Robert Downey Jr. is a name that’s synonymous with Hollywood blockbusters like Iron Man and Sherlock Holmes. Downey Jr. has also earned two Oscar nominations including for his work on Richard Attenborough’s Chaplin. But fewer know his father, Robert Downey Sr., the avant-garde director of a long list of anti-establishment, underground films starting back in the 1960s, and a film legend in his own right.
A new documentary, “Sr.”, shines a light on the lesser-known Downey, with his über-famous son tagging along for the ride as a kind of sidekick and cheerleader for his dad. The film was directed by Chris Smith (American Movie, Jim & Andy: The Great Beyond), but Downey Sr., ever the auteur, ends up commandeering the action, planning out and plotting the scenes and subtext of his own biopic, and bringing the absurdist element he is known for — from movies like Putney Swope and Pound, which features Downey Jr.’s onscreen debut at age five — to the film.
The movie is grounded in wonderful behind-the-scenes style clips of Sr. and Jr., as they are referred to in the film, goofing around and cracking jokes, two charismatic figures with a lifetime’s worth of natural chemistry that is captivating to watch. Shot in black and white as a nod to Sr.’s early work, the film intersperses documentary action with clips from the esteemed director’s catalog. It captures the strange fixations that have always made Sr.’s films so curious — when Sr. becomes fixated on a family of ducks, they end up in the final film, and when he asks (for reasons unexplained) his celebrity son to sing a German folk song for the camera, Jr. does so in hilarious fashion.

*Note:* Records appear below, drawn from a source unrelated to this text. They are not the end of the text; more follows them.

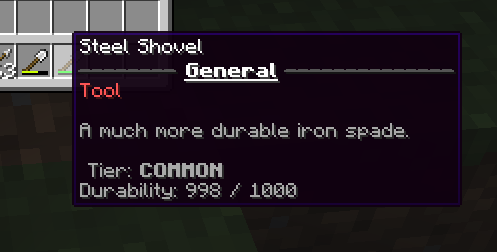Custom durability is a really powerful system that allows you to create items with a set amount of uses, unlike the <1.20.5 vanilla durability system which forces you to always have the same max amount of uses for a type of item.
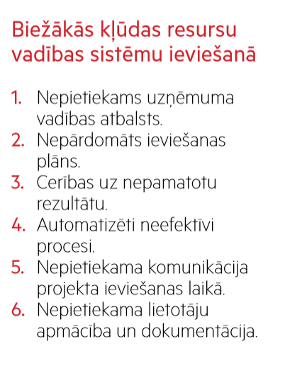 ASV bāzētā resursu vadības sistēmu ieviešanas kompānija Panorama Consulting Solutions, kuras klienti ir izkaisīti pa visu pasauli, katru gadu veic ERP sistēmu pētījumu. Šāgada pētījuma dati liecina, ka uzņēmumi bieži vien nenovērtē sistēmas ieviešanai nepieciešamos resursus un pieļauj kļūdas projektu realizācijā. Ceturtā daļa aptaujāto ir atzinuši, ka sistēmas ieviešana viņu uzņēmumos ir bijusi neveiksmīga. Turklāt vairumā gadījumu ieviešanas izmaksas ir izrādījušās lielākas, nekā uzņēmums sākotnēji bija plānojis, pati ieviešana – laikietilpīgāka, taču reālais ieguvums no sistēmas ieviešanas ir sajusts nebūt ne otrajā dienā, bet ar zināmu laika atstarpi. Lai no neveiksmēm izvairītos, ir svarīgi sistēmas ieviešanu uzticēt pieredzējušam uzņēmumam, kā arī rēķināties, ka projektam būs nepieciešams zināms laika un prasmju ieguldījums arī no uzņēmuma darbiniekiem.
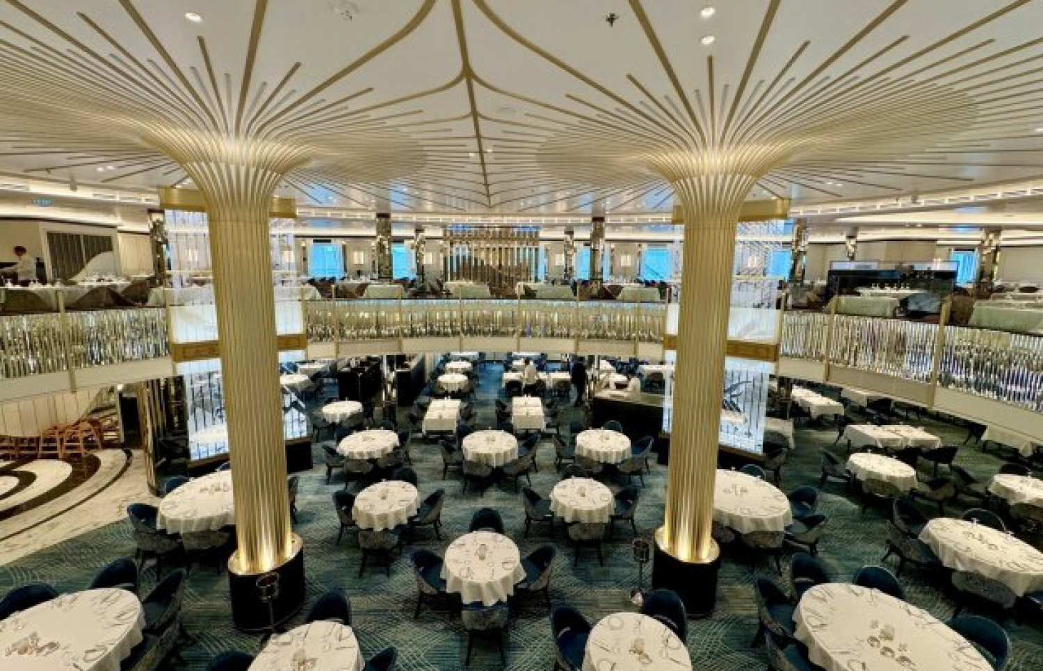 The ship is staffed by about 1,200 crew members and features 11 restaurants offering a wide range of international cuisines, including Mediterranean, Japanese and Italian.
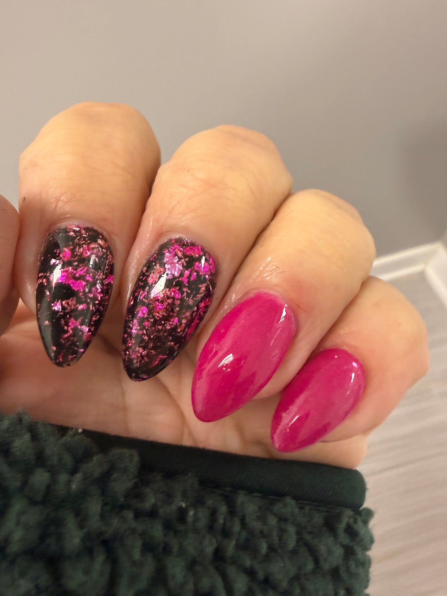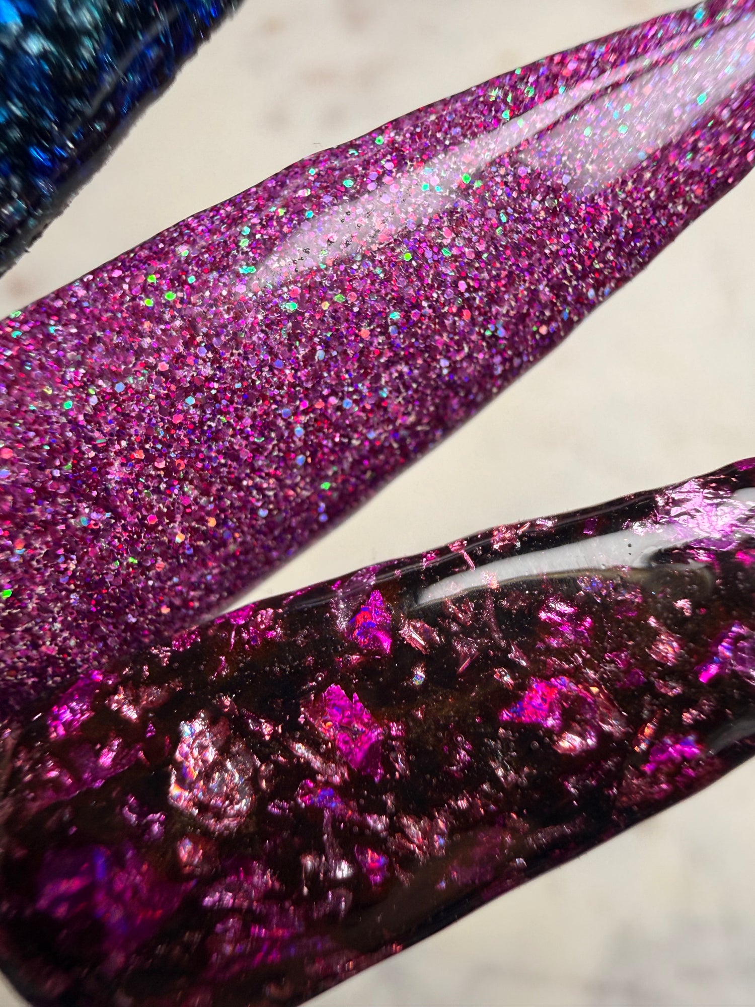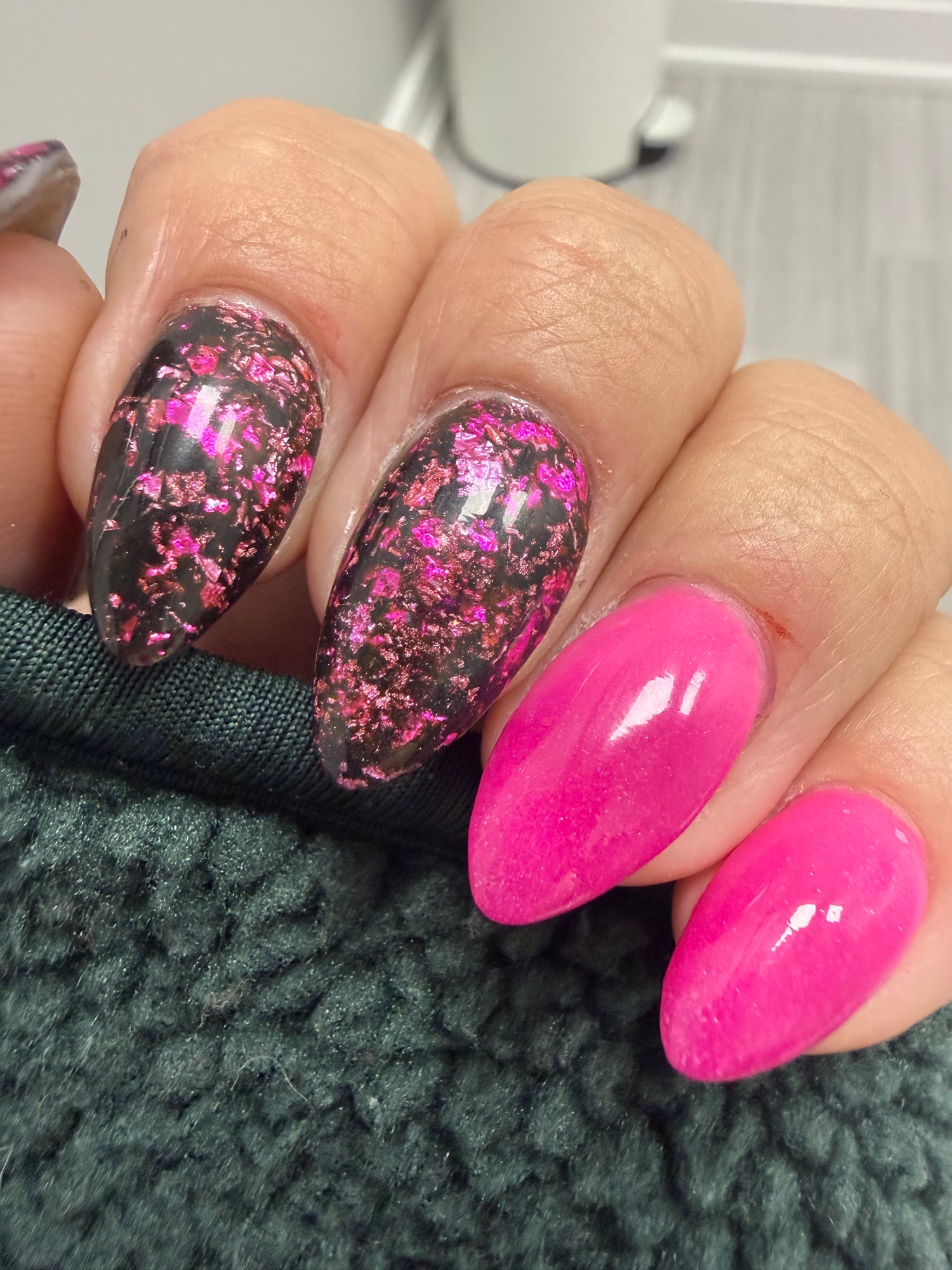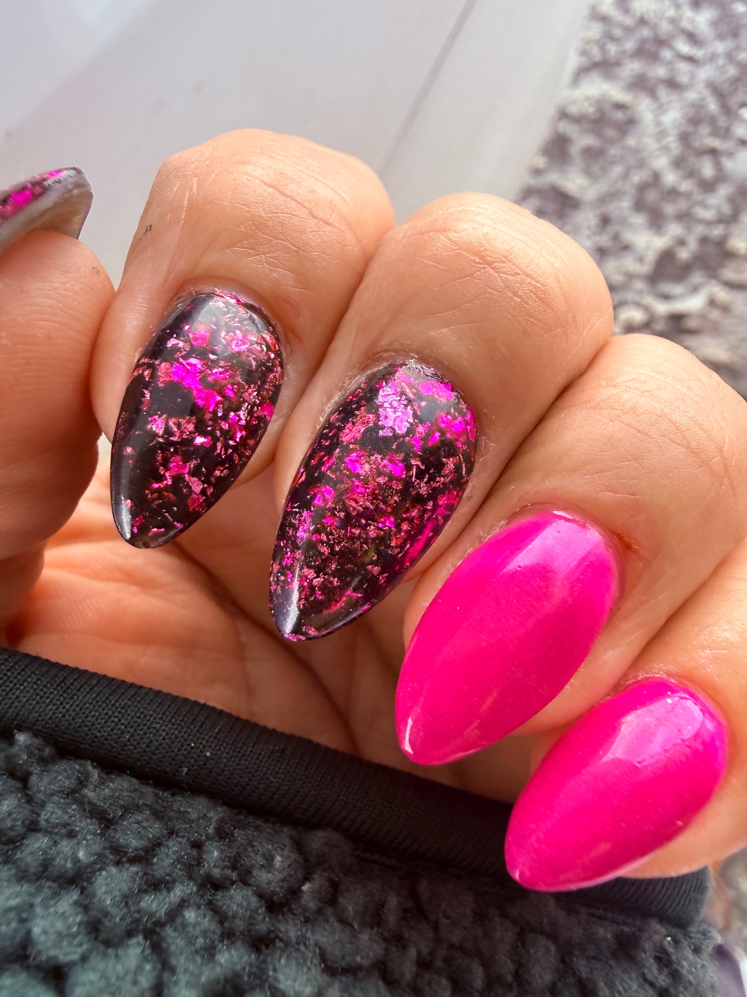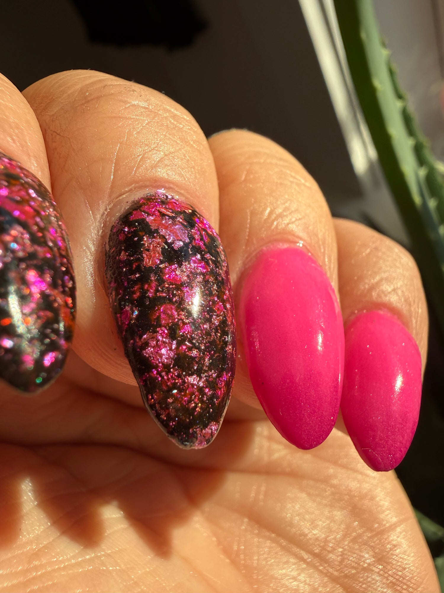 This is a delicate flake dip which is very user friendly. Topping with clear dip is strongly recommended. These swatches show 2 dips.

But what starts as something of a buddy comedy between father and son transforms into something deeper and more difficult as the film progresses: Sr., who suffers from Parkinson’s, is nearing the end of his life, and the movie tenderly documents not only his final days, but his son’s emotional reaction to the prospect of losing his father, making for some incredibly raw and moving scenes in the film. Poignantly, it is the creation of the film “Sr.” itself that gives the countercultural director energy in his waning days, and there are shots of him enthusiastically dictating edits while lying down, mostly immobile, that are about as great a case for the power of art to keep us vital as can be seen.